The moon’s water came from comet and asteroid impacts, right? As it turns out, the question as to where lunar H2O came from is not so straightforward — it was actually ‘baked’ via reactions with the solar wind.
When Apollo astronauts returned lunar surface samples of rock and regolith (fine, pulverized rocky grains), it was assumed they would be bone dry. After all, the moon has no atmosphere — any water deposited on the surface from impacts would have been long lost to space.
But in recent analysis of the regolith, scientists were surprised to find quantities of water locked in the lunar material.
There are quantities of ice deposits all over the moon’s surface; some large deposits exist in polar craters where sunlight never shines on the crater bottoms. And now we know that even the sun-baked surface and sub-surface has a frozen supply.
According to new research by astrochemists Alice Stephant and François Robert, of Muséum National d’Histoire Naturelle, Paris, the source of the vast majority of the surface water trapped in regolith samples is not from aeons of asteroid and comet impacts — two well known sources of cosmic water ice — it’s the sun. Rather, the water found in lunar regolith is created via chemical reactions with the solar wind.
Their findings have been published in the Proceedings of the National Academy of Sciences.

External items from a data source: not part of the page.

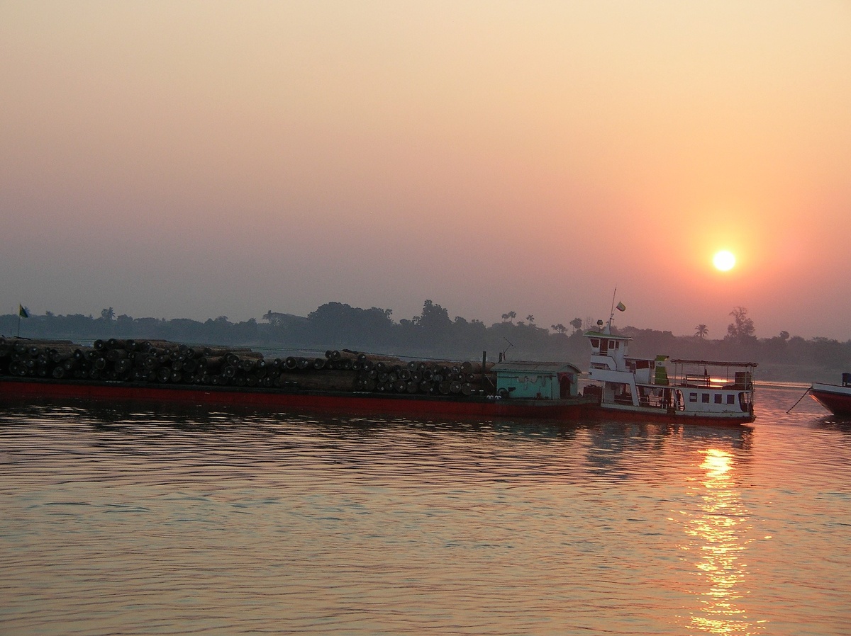 6. СПЛАВ ПО РЕКЕ. ЧАСЫ И ТРУСЫ. ЗАКАТ С ВЫСОТЫ. С большим трудом мы встали в пол-пятого утра. Быстро выписавшись из гостиницы мы выскочили на улицу, где нас уже ожидал высокий бирманский мужчина на своей мини-мазде. До пристани мы долетели минут за 10, а там уже стоял корабль, на который текла маленькая струйка европейцев. Корабль представлял из себя небольшую круизную лодку с двумя палубами. Сначала мы сели на свои места, обозначенные в билетах. Но потом перебрались наверх, где и провели все путешествие. Иностранцы, попавшиеся нам в попутчики, были весьма разнообразны и колоритны. Основную часть туристов составляли пожилые французы, среди которых выделялся один длинноволосый, сразу прозванный нами Паганелем. Рядом с нами сидели три польских качка, работающих на компанию ред булл и их менеджер. Качков возили по стране и показывали на разных шоу. Два из них оказались разговорчивыми толковыми ребятами, интересующимися страной и знающими довольно много, а третий, самый здоровый и з
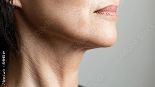 woman, neck, wrinkle, skin, close, up, detail, mature, ageing, line, profile, portrait, light, grey, background, side, view, facial, texture, human, portraiture, female, asian, natural, shadow, detail, aged, skincare, health, beauty, closeup
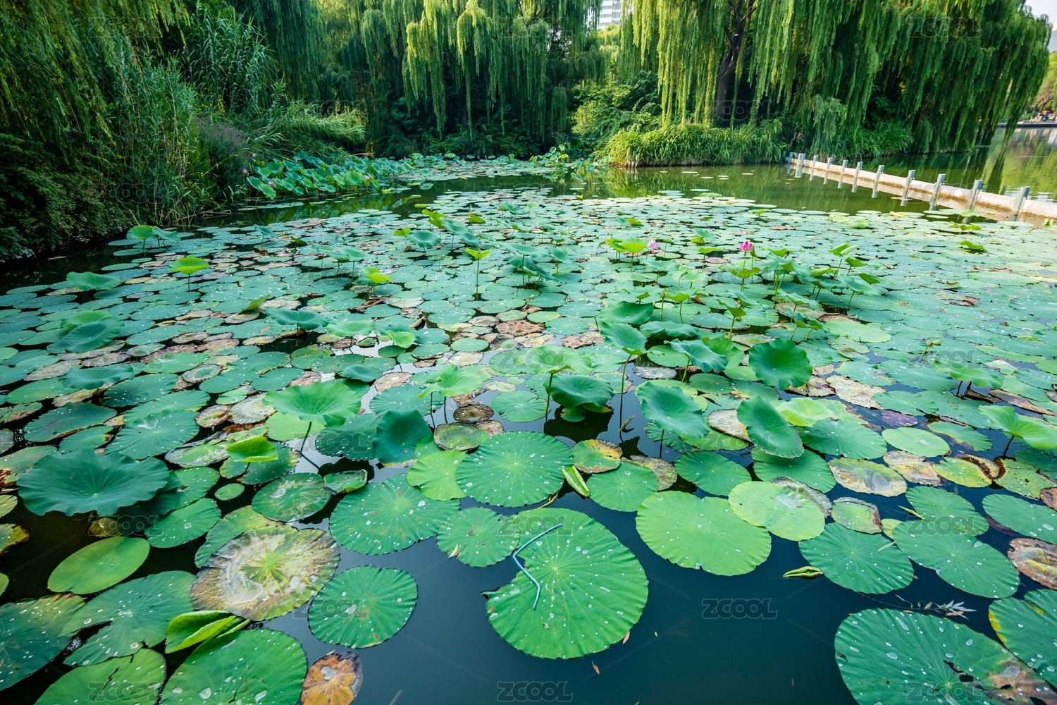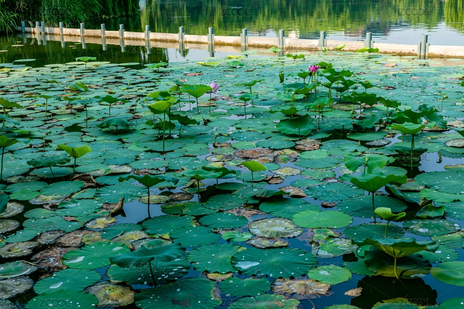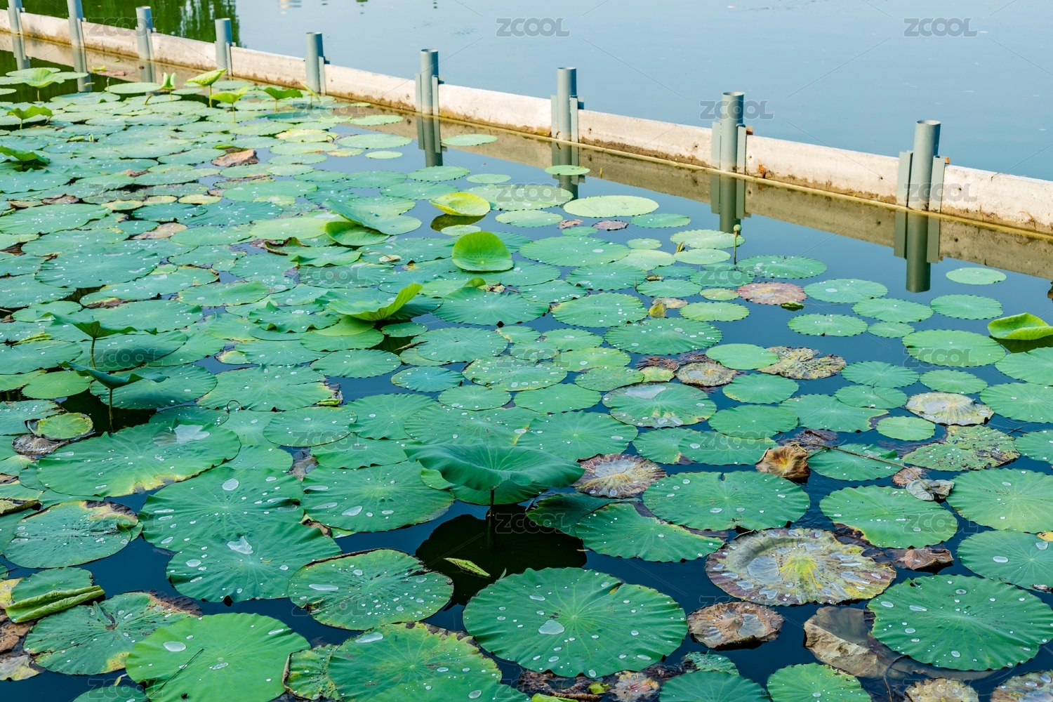阴冷的下雨天, 荷塘里荷叶上沾满了水珠
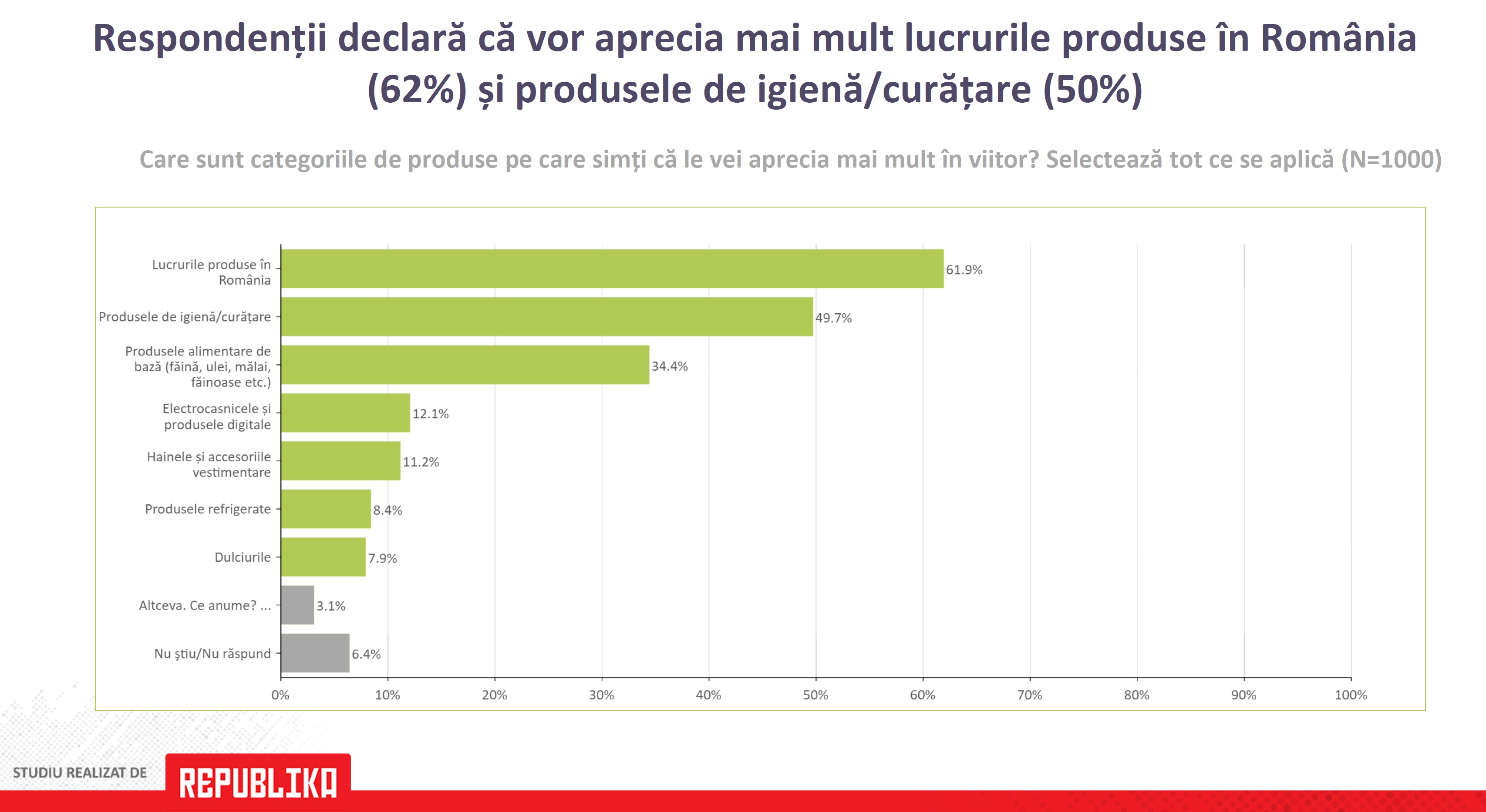 În privința obiceiurilor de consum, 60% din românii intervievați au declarat că vor susține mult mai mult în viitor producătorii locali de alimente. 30% vor cumpăra mai mult online în viitor produse de igienă și îngrijire personală, cât și pentru curățenie.

Through isotopic analysis of deuterium/hydrogen and lithium isotope ratios, the researchers were able to determine that the source of the water did not originate from ancient impacts, but from reactions in and on silicate regolith grains. High-energy protons from the solar wind impact these grains, unlocking oxygen atoms, allowing them to bond with abundant hydrogen atoms, kickstarting the formation of hydroxyl, a tracer for water. Hydroxyl is a simple molecule of one oxygen atom and a hydrogen atom, whereas water has two hydrogen atoms bonded to an oxygen atom.